* [Your assignment]
Restate every entry verbatim; drop the pictures.

* [Source data]
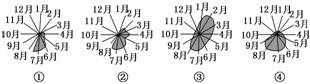下列四图是我国四条河流各月平均流量示意图,阴影部分为径流量。读图,完成1~3题。
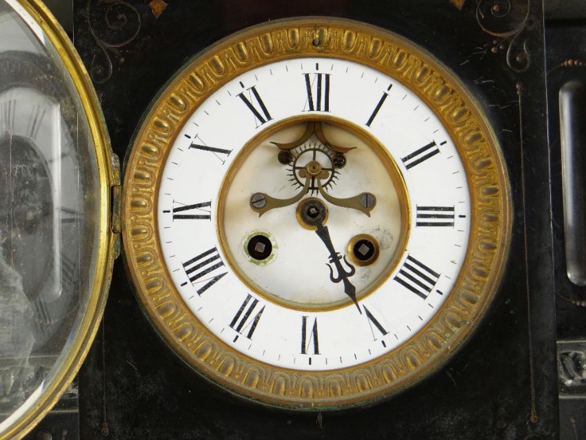 Condition Report: one hand missing, chips to enamel base loose, surface dirt.
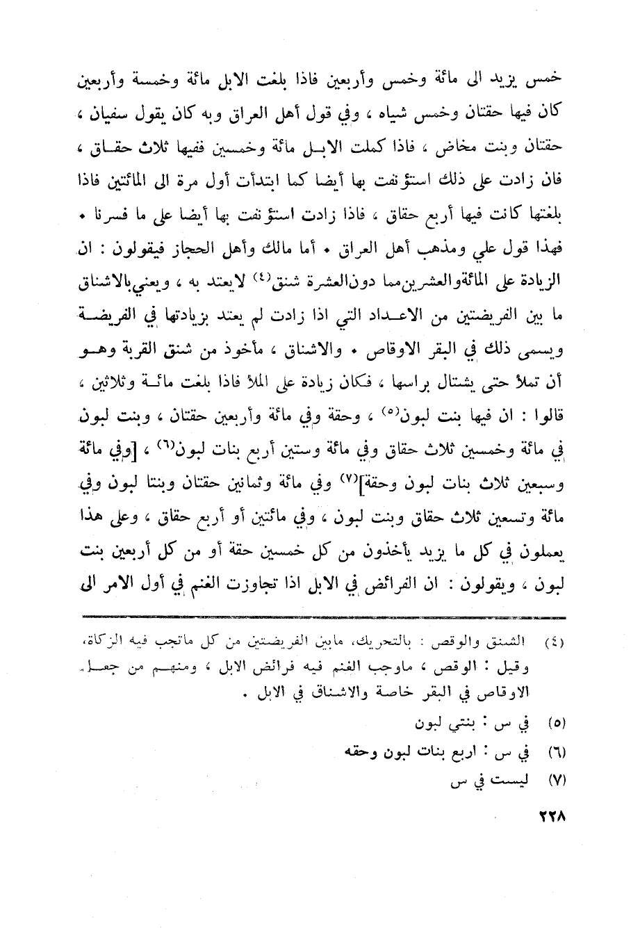 فهذا قول علي ومذهب أهل العراق. أما مالك وأهل الحجاز فيقولون: ان الزيادة على المائة والعشرين مما دون العشرة شنق «4» لا يعتد به، ويعني بالاشناق ما بين الفريضتين من الاعداد التي اذا زادت لم يعتد بزيادتها في الفريضة ويسمى ذلك في البقر الاوقاص. والاشناق، مأخوذ من شنق القربة وهو أن تملأ حتى يشتال براسها، فكان زيادة على الملأ فاذا بلغت مائة وثلاثين، قالوا: ان فيها بنت لبون «5» ، وحقة وفي مائة وأربعين حقتان، وبنت لبون في مائة وخمسين ثلاث حقاق وفي مائة وستين أربع بنات لبون «6» ، [وفي مائة وسبعين ثلاث بنات لبون وحقة] «7» وفي مائة وثمانين حقتان وبنتا لبون وفي مائة وتسعين ثلاث حقاق وبنت لبون، وفي مائتين أو أربع حقاق، وعلى هذا يعملون في كل ما يزيد يأخذون من كل خمسين حقة أو من كل أربعين بنت لبون، ويقولون: ان الفرائض في الابل اذا تجاوزت الغنم في أول الامر الى
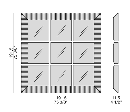 Зеркало Triple отличается оригинальной геометрией. Его внешний вид разделён на квадратные секции, что придаёт конструкции динамичность и визуальную глубину. Каждая из секций может быть настроена индивидуально. Это позволяет создавать уникальные композиции в зависимости от потребностей. Модульность обеспечивает гибкость в дизайне. Вы можете увеличивать или уменьшать количество секций, менять их расположение и форму. Таким образом, создаются персонализированные решения для любого интерьера.
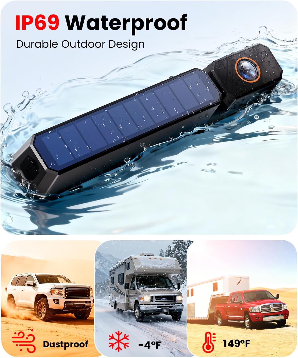 Dual Antennas for Strong Signal: Drive and park with confidence. The upgraded dual-antenna design strengthens the wireless connection between the solar backup camera and monitor, cutting lag and signal drops even across long vehicles or busy parking lots. Enjoy a smooth, real-time rear view that stays clear every time you reverse, tow, or park
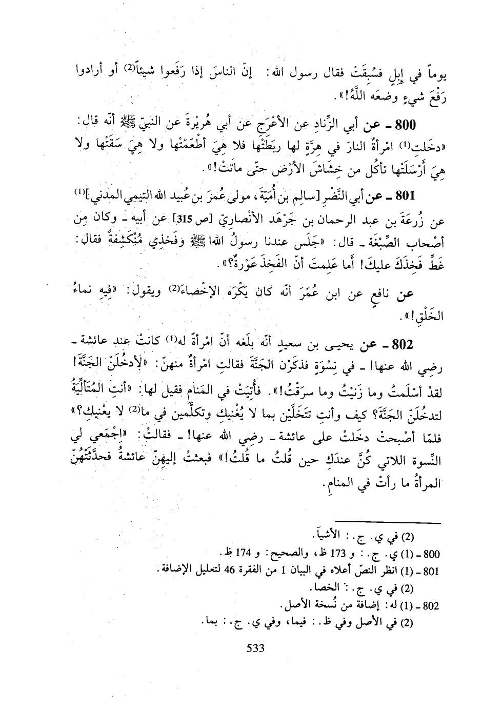 800- عن أبي الزناد عن الأعرج عن أبي هريرة عن النبي صلى الله عليه وسلم أنه قال: ((دخلت امرأةٌ النار في هرةٍ لها ربطتها فلا هي أطعمتها ولا هي سقتها ولا هي أرسلتها تأكل من خشاش الأرض حتى ماتت!)).
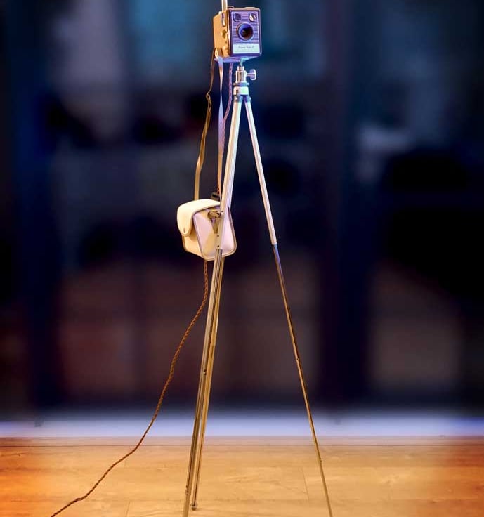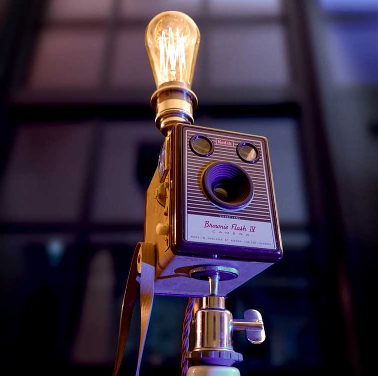 This vintage 1950's Kodak Brownie Flash IV camera has been beautifully upcycled into a striking and stylish floor lamp, complete with it's original camera case. The lamp has a vintage telescopic tripod with extending legs, and would look great as a statement piece in a livingroom, bedroom, office, bar, restaurant, or any other area.
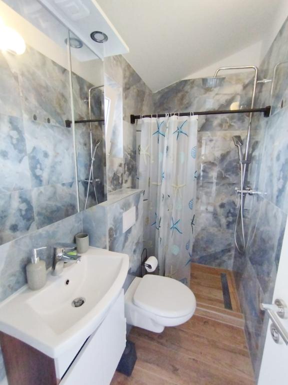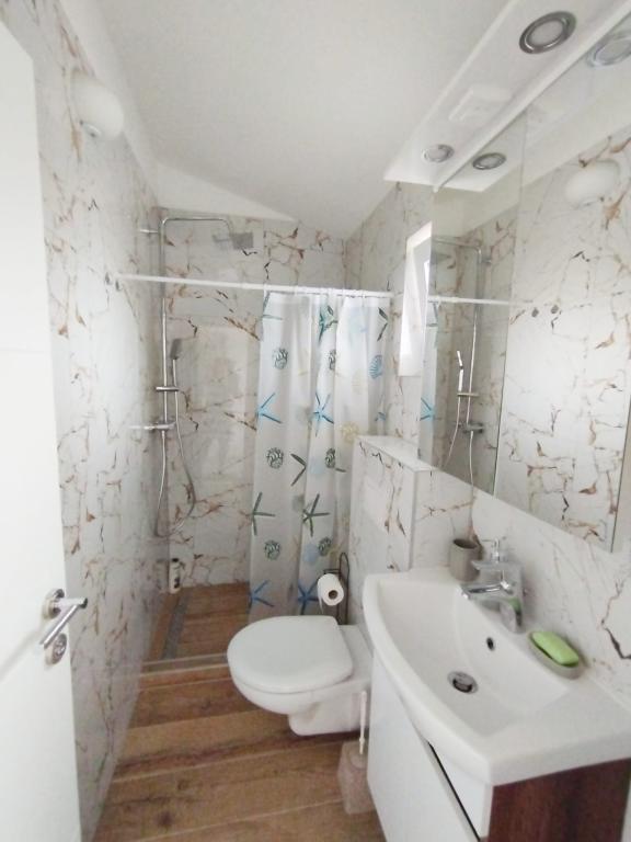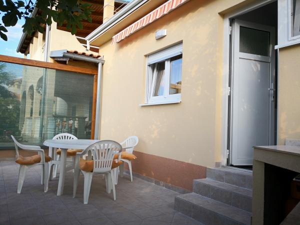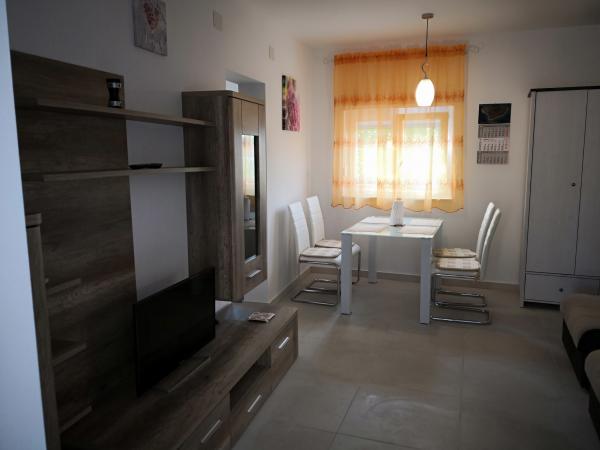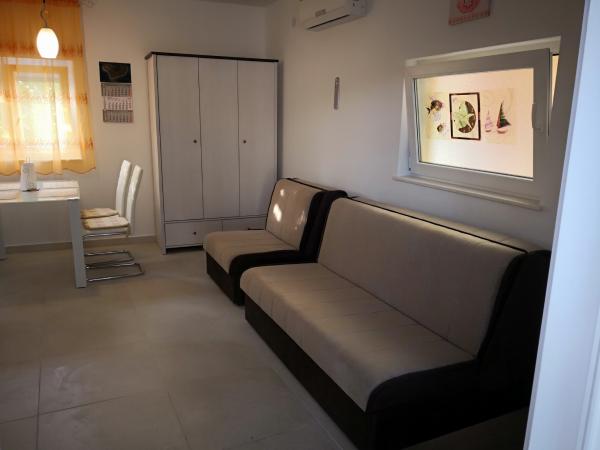 Apartamente confortabile cu aer condiționat, dotate cu tot ce aveți nevoie pentru o vacanță relaxantă în familie... Bucurați-vă de liniște, priveliștea de pe terasă și confortul apartamentelor noastre, pădurile de pini, traseele de drumeții și ciclism și plajele frumoase - indiferent dacă iti plac pietrele de nisip, pietris sau izolate... Tot ce ai nevoie este la o plimbare de 5-10 minute: magazin, cafenea, restaurant, oficiu postal, biserica, plaja, port... Asa ca nu ezita sa folosesti gratarul nostru: daca ceva nu merge bine, poți sări cu ușurință la magazin, iar dacă peștele arde - restaurantul este excelent... și te poți împrospăta înainte de a pleca la dușul exterior - așa că nu te deranjează că baia a fost ocupată de dvs. soție sau copii ;-) Mașina se poate odihni tot timpul în curte, iar tu o poți folosi pentru a explora două insule fără aglomerație cu multe frumuseți ascunse... Pentru că un loc liniștit nu înseamnă plictisitor: fiecare loc are ea propriul festival, sau propria-i vechime, sau propria-i frumusețe naturală - care te așteaptă să-l recunoști și să-ți umple sufletul cu el pentru toate situațiile în care ești alături de noi fugi :-)

* [Task solution]
下列四图是我国四条河流各月平均流量示意图,阴影部分为径流量。读图,完成1~3题。
 Condition Report: one hand missing, chips to enamel base loose, surface dirt.
 فهذا قول علي ومذهب أهل العراق. أما مالك وأهل الحجاز فيقولون: ان الزيادة على المائة والعشرين مما دون العشرة شنق «4» لا يعتد به، ويعني بالاشناق ما بين الفريضتين من الاعداد التي اذا زادت لم يعتد بزيادتها في الفريضة ويسمى ذلك في البقر الاوقاص. والاشناق، مأخوذ من شنق القربة وهو أن تملأ حتى يشتال براسها، فكان زيادة على الملأ فاذا بلغت مائة وثلاثين، قالوا: ان فيها بنت لبون «5» ، وحقة وفي مائة وأربعين حقتان، وبنت لبون في مائة وخمسين ثلاث حقاق وفي مائة وستين أربع بنات لبون «6» ، [وفي مائة وسبعين ثلاث بنات لبون وحقة] «7» وفي مائة وثمانين حقتان وبنتا لبون وفي مائة وتسعين ثلاث حقاق وبنت لبون، وفي مائتين أو أربع حقاق، وعلى هذا يعملون في كل ما يزيد يأخذون من كل خمسين حقة أو من كل أربعين بنت لبون، ويقولون: ان الفرائض في الابل اذا تجاوزت الغنم في أول الامر الى
 Зеркало Triple отличается оригинальной геометрией. Его внешний вид разделён на квадратные секции, что придаёт конструкции динамичность и визуальную глубину. Каждая из секций может быть настроена индивидуально. Это позволяет создавать уникальные композиции в зависимости от потребностей. Модульность обеспечивает гибкость в дизайне. Вы можете увеличивать или уменьшать количество секций, менять их расположение и форму. Таким образом, создаются персонализированные решения для любого интерьера.
 Dual Antennas for Strong Signal: Drive and park with confidence. The upgraded dual-antenna design strengthens the wireless connection between the solar backup camera and monitor, cutting lag and signal drops even across long vehicles or busy parking lots. Enjoy a smooth, real-time rear view that stays clear every time you reverse, tow, or park
 800- عن أبي الزناد عن الأعرج عن أبي هريرة عن النبي صلى الله عليه وسلم أنه قال: ((دخلت امرأةٌ النار في هرةٍ لها ربطتها فلا هي أطعمتها ولا هي سقتها ولا هي أرسلتها تأكل من خشاش الأرض حتى ماتت!)).
 This vintage 1950's Kodak Brownie Flash IV camera has been beautifully upcycled into a striking and stylish floor lamp, complete with it's original camera case. The lamp has a vintage telescopic tripod with extending legs, and would look great as a statement piece in a livingroom, bedroom, office, bar, restaurant, or any other area.
 Apartamente confortabile cu aer condiționat, dotate cu tot ce aveți nevoie pentru o vacanță relaxantă în familie... Bucurați-vă de liniște, priveliștea de pe terasă și confortul apartamentelor noastre, pădurile de pini, traseele de drumeții și ciclism și plajele frumoase - indiferent dacă iti plac pietrele de nisip, pietris sau izolate... Tot ce ai nevoie este la o plimbare de 5-10 minute: magazin, cafenea, restaurant, oficiu postal, biserica, plaja, port... Asa ca nu ezita sa folosesti gratarul nostru: daca ceva nu merge bine, poți sări cu ușurință la magazin, iar dacă peștele arde - restaurantul este excelent... și te poți împrospăta înainte de a pleca la dușul exterior - așa că nu te deranjează că baia a fost ocupată de dvs. soție sau copii ;-) Mașina se poate odihni tot timpul în curte, iar tu o poți folosi pentru a explora două insule fără aglomerație cu multe frumuseți ascunse... Pentru că un loc liniștit nu înseamnă plictisitor: fiecare loc are ea propriul festival, sau propria-i vechime, sau propria-i frumusețe naturală - care te așteaptă să-l recunoști și să-ți umple sufletul cu el pentru toate situațiile în care ești alături de noi fugi :-)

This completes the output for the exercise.